Segura-Lozano Mauro A, Carranza-Rentería Octavio, Velázquez-Delgado Graciela, Munguía-Rodríguez Aarón G
Neurology, Neurología Segura Medical Center, Hospital Angeles Morelia, Morelia, MEX.
Cureus. 2024 Jun 1;16(6):e61502. doi: 10.7759/cureus.61502. eCollection 2024 Jun.

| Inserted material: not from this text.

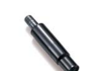
マルチキャスターPRO:ガススプリング (CP4NP1):¥5,000(税別)

Background Trigeminal neuralgia (TN) is a craniofacial pain characterized by sudden onset, brief, severe, recurrent shooting pain within one or more branches of the trigeminal nerve (CN V). Based on its clinical presentation, TN may be classified as purely paroxysmal or paroxysmal with concomitant continuous pain (CCP), previously known as typical and atypical, respectively. Microvascular decompression (MVD) surgery for releasing the CN V from a neurovascular conflict is an effective and safe treatment for TN. During MVD of patients manifesting TN with CCP, the involvement of an abnormal arachnoid tissue is a common finding. The etiology and pathophysiology behind the appearance of this tissue are unknown; however, it is more commonly found in this variant of the disease. Methods From January 2015 to December 2016, a total of 330 patients diagnosed with TN were evaluated at our clinic. Among them, 31 individuals (9.4%) presented with paroxysmal TN with CCP, with 16 patients (51.6%) undergoing MVD. During surgery, samples of altered arachnoid tissue were collected from five patients and subjected to Hematoxylin-Eosin staining and immunohistochemistry for S100 and CD2 Results In a long-term follow-up, 80% of patients operated by DMV remains pain free. Analysis of biopsies revealed chronic fibrosis (n=4), hyperplasia of neurothelial cells (n=3), dystrophic calcifications (n=1). Immunohistochemistry was positive for S100 (n=3) and CD20 (n=3) inflammatory markers. Conclusion Chronic inflammation in the arachnoid tissue involved in paroxysmal TN with CCP could be a contributor to the pathophysiology of this variant of the disease.
背景 三叉神经痛(TN)是一种颅面部疼痛,其特征为三叉神经(CN V)的一个或多个分支内突然发作、短暂、剧烈、反复发作的刺痛。根据其临床表现,TN可分为单纯阵发性或伴有持续性疼痛(CCP)的阵发性,以前分别称为典型性和非典型性。微血管减压(MVD)手术通过解除神经血管冲突来松解CN V,是治疗TN的一种有效且安全的方法。在表现为CCP的TN患者的MVD手术中,异常蛛网膜组织的累及是常见发现。该组织出现背后的病因和病理生理学尚不清楚;然而,在该疾病的这一变异型中更常发现。
方法 2015年1月至2016年12月,共有330例诊断为TN的患者在我们诊所接受评估。其中,31例(9.4%)表现为伴有CCP的阵发性TN,16例患者(51.6%)接受了MVD手术。手术期间,从5例患者中采集了改变的蛛网膜组织样本,并进行苏木精-伊红染色以及S100和CD20的免疫组织化学检测。
结果 在长期随访中,接受DMV手术的患者中有80%保持无痛。活检分析显示慢性纤维化(n = 4)、神经上皮细胞增生(n = 3)、营养不良性钙化(n = 1)。免疫组织化学检测显示S100(n = 3)和CD20(n = 3)炎症标志物呈阳性。
结论 伴有CCP的阵发性TN所累及的蛛网膜组织中的慢性炎症可能是该疾病这一变异型病理生理学的一个促成因素。